**Instructions for the task**.
Set down all of the data that follows word for word, without the images.

---- Given data

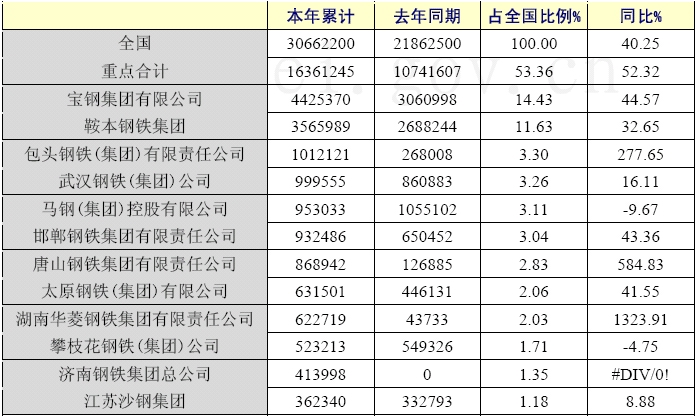 2006年,全國(guó)冷軋薄板帶產(chǎn)量3066.22萬(wàn)噸,同比增長(zhǎng)40.25%,重點(diǎn)統(tǒng)計(jì)企業(yè)產(chǎn)量1636.12萬(wàn)噸,同比增長(zhǎng)52.32%,增幅高于全國(guó)平均水平,但產(chǎn)量只占全國(guó)產(chǎn)量的53.36%。其中重點(diǎn)企業(yè)冷軋薄寬帶鋼產(chǎn)量占全國(guó)產(chǎn)量99.10%。分企業(yè)看寶鋼產(chǎn)量最高為442.54萬(wàn)噸,占全國(guó)產(chǎn)量的14.43%,鞍本集團(tuán)356.60萬(wàn)噸,占全國(guó)11.63%,包鋼產(chǎn)量躍居第三占全國(guó)3.30%,武鋼占3.26%。
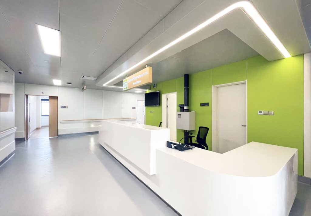 The panels provide fire safety, durability, and easy maintenance, making them ideal for high-traffic healthcare environments. Their smooth, hygienic surfaces allow frequent cleaning and disinfection, ensuring a safe and reliable interior environment. Neutral and calming finishes contribute to a comfortable and healing atmosphere for patients and staff.
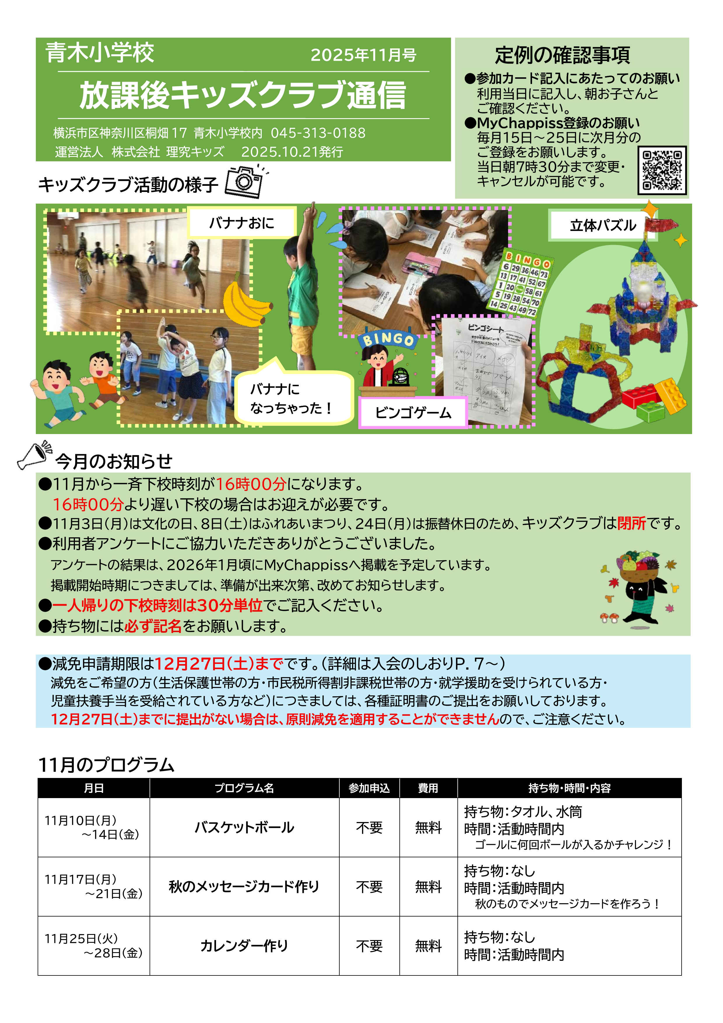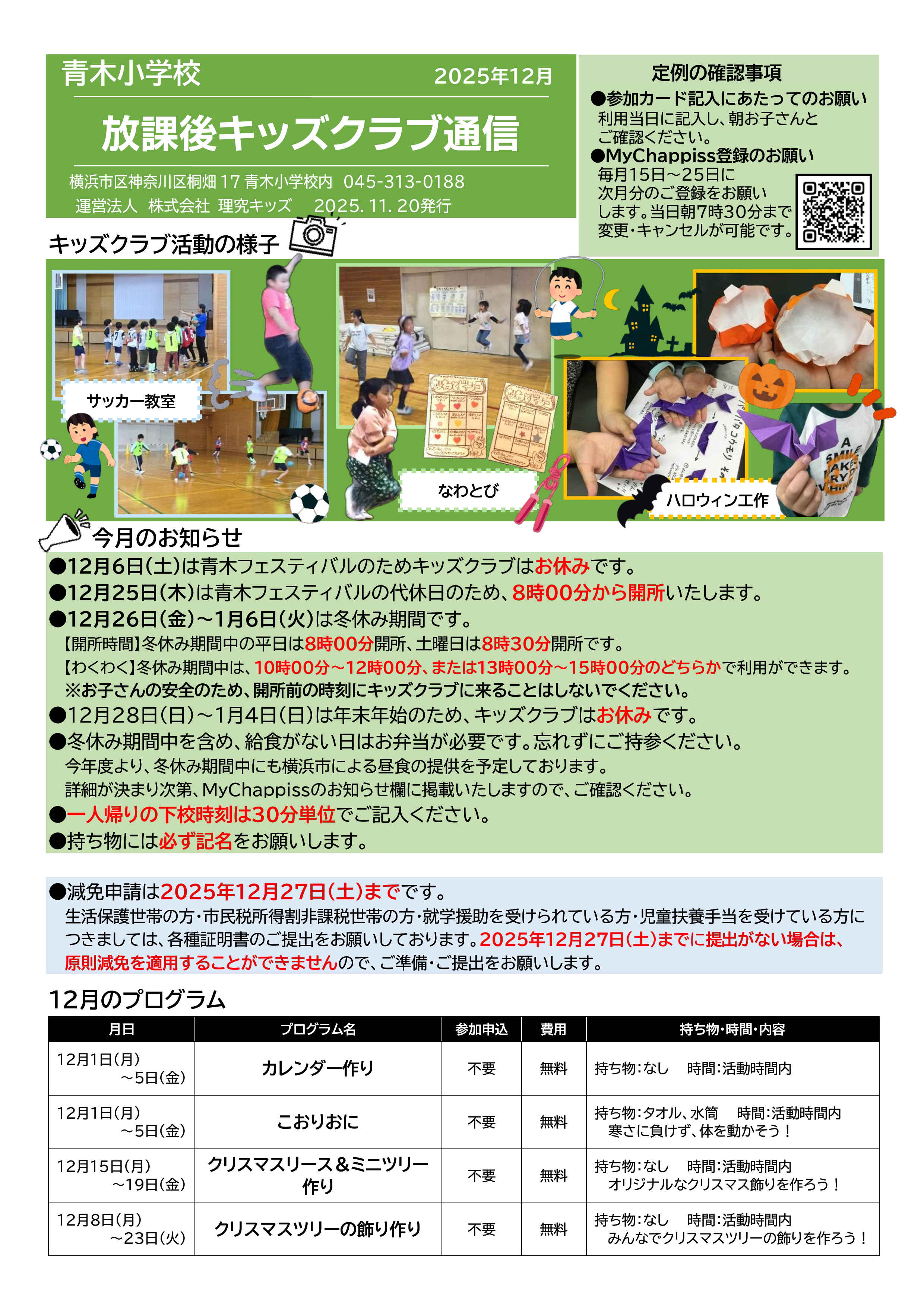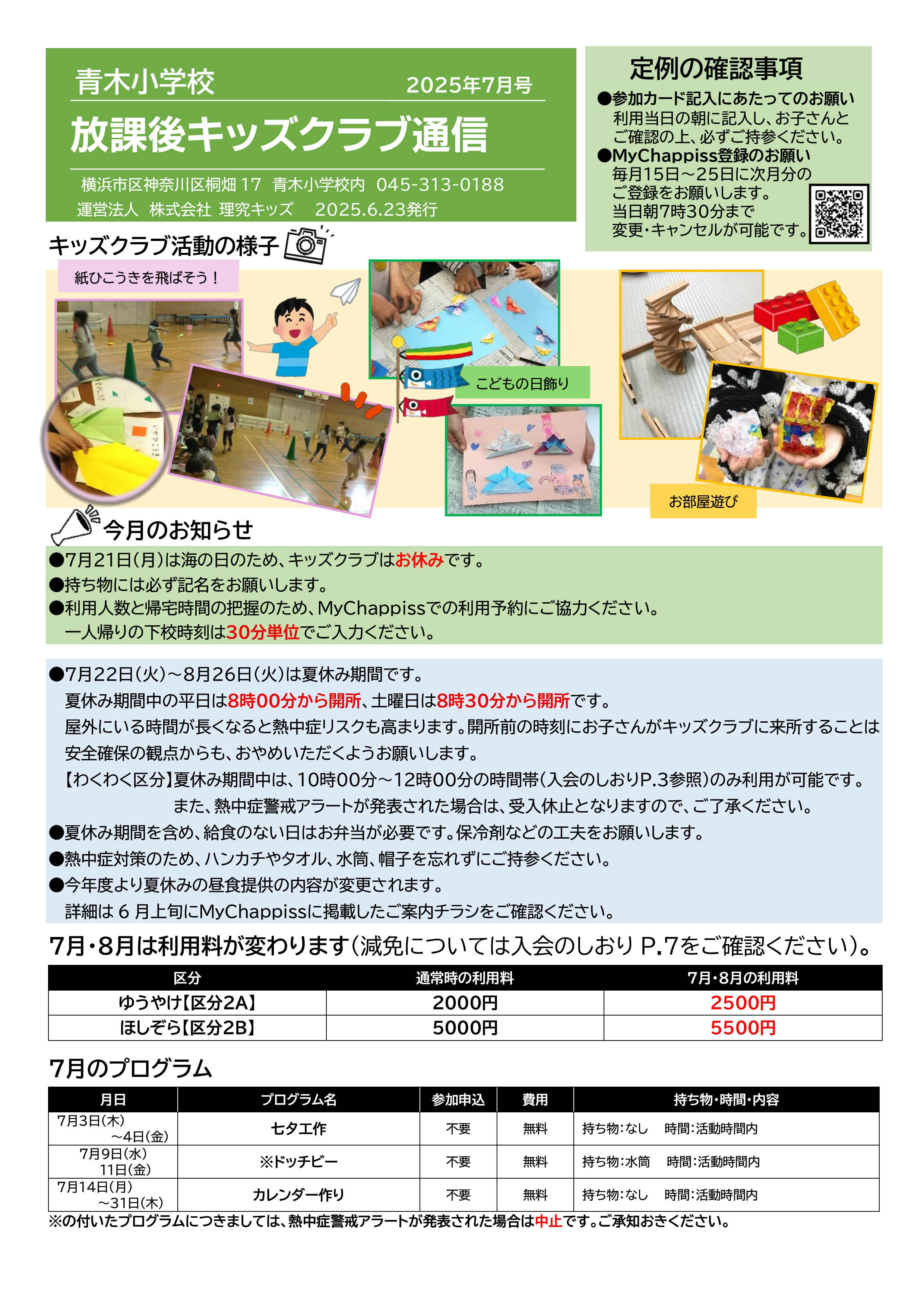 ※特別警報発表時は帰宅の安全が確保されるまで、お子さんは利用区分にかかわらず、放課後キッズクラブで留め置きとなります。

--------

**Task solution**.
 2006年,全國(guó)冷軋薄板帶產(chǎn)量3066.22萬(wàn)噸,同比增長(zhǎng)40.25%,重點(diǎn)統(tǒng)計(jì)企業(yè)產(chǎn)量1636.12萬(wàn)噸,同比增長(zhǎng)52.32%,增幅高于全國(guó)平均水平,但產(chǎn)量只占全國(guó)產(chǎn)量的53.36%。其中重點(diǎn)企業(yè)冷軋薄寬帶鋼產(chǎn)量占全國(guó)產(chǎn)量99.10%。分企業(yè)看寶鋼產(chǎn)量最高為442.54萬(wàn)噸,占全國(guó)產(chǎn)量的14.43%,鞍本集團(tuán)356.60萬(wàn)噸,占全國(guó)11.63%,包鋼產(chǎn)量躍居第三占全國(guó)3.30%,武鋼占3.26%。
 The panels provide fire safety, durability, and easy maintenance, making them ideal for high-traffic healthcare environments. Their smooth, hygienic surfaces allow frequent cleaning and disinfection, ensuring a safe and reliable interior environment. Neutral and calming finishes contribute to a comfortable and healing atmosphere for patients and staff.
 ※特別警報発表時は帰宅の安全が確保されるまで、お子さんは利用区分にかかわらず、放課後キッズクラブで留め置きとなります。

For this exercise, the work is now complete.